── COLLECTED DATA
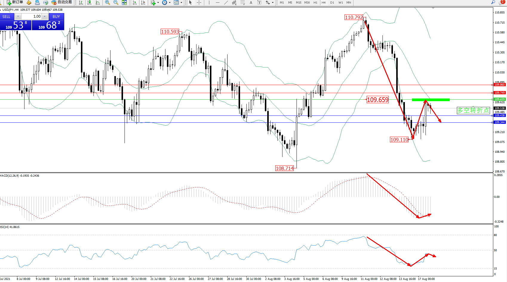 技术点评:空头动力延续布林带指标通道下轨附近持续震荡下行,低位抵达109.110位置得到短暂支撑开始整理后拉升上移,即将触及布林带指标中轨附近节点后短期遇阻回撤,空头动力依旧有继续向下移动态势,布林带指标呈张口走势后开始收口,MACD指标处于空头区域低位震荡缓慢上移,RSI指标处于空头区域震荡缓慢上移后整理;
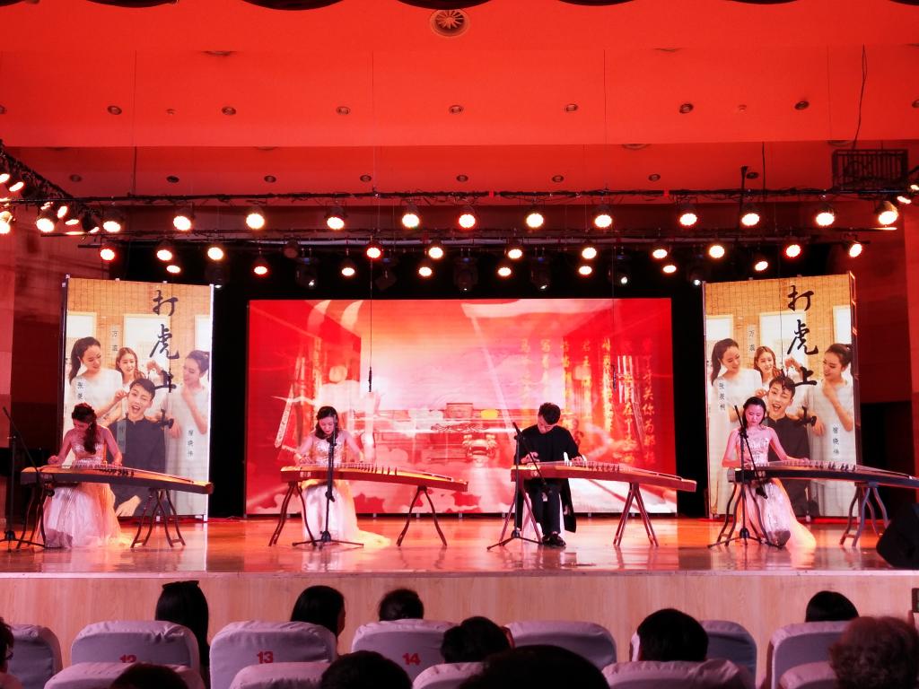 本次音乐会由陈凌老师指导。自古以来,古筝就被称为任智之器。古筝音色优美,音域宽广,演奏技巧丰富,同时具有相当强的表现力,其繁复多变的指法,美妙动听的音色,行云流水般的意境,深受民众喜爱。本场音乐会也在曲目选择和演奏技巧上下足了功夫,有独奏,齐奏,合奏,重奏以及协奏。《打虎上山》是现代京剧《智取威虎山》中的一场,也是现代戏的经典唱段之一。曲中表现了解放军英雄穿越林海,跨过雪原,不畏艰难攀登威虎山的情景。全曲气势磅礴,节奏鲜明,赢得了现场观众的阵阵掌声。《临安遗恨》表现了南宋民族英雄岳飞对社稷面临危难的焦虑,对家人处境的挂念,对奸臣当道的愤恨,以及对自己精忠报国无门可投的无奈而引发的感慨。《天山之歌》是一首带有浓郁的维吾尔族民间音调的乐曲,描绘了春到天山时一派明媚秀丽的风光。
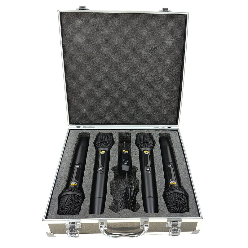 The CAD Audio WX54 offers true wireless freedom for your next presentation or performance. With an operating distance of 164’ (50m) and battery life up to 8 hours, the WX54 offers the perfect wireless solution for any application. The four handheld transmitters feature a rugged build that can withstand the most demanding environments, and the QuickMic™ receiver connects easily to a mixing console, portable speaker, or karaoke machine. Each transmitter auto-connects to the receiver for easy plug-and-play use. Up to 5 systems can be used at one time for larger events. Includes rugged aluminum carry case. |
────
_WHAT THIS TASK INVOLVES_
Your task is to restate word for word the lines from the top of the data to the line containing "本次音乐会由陈凌老师指导。自", both ends included, with every picture left out.

_ANSWER SPACE_
 技术点评:空头动力延续布林带指标通道下轨附近持续震荡下行,低位抵达109.110位置得到短暂支撑开始整理后拉升上移,即将触及布林带指标中轨附近节点后短期遇阻回撤,空头动力依旧有继续向下移动态势,布林带指标呈张口走势后开始收口,MACD指标处于空头区域低位震荡缓慢上移,RSI指标处于空头区域震荡缓慢上移后整理;
 本次音乐会由陈凌老师指导。自古以来,古筝就被称为任智之器。古筝音色优美,音域宽广,演奏技巧丰富,同时具有相当强的表现力,其繁复多变的指法,美妙动听的音色,行云流水般的意境,深受民众喜爱。本场音乐会也在曲目选择和演奏技巧上下足了功夫,有独奏,齐奏,合奏,重奏以及协奏。《打虎上山》是现代京剧《智取威虎山》中的一场,也是现代戏的经典唱段之一。曲中表现了解放军英雄穿越林海,跨过雪原,不畏艰难攀登威虎山的情景。全曲气势磅礴,节奏鲜明,赢得了现场观众的阵阵掌声。《临安遗恨》表现了南宋民族英雄岳飞对社稷面临危难的焦虑,对家人处境的挂念,对奸臣当道的愤恨,以及对自己精忠报国无门可投的无奈而引发的感慨。《天山之歌》是一首带有浓郁的维吾尔族民间音调的乐曲,描绘了春到天山时一派明媚秀丽的风光。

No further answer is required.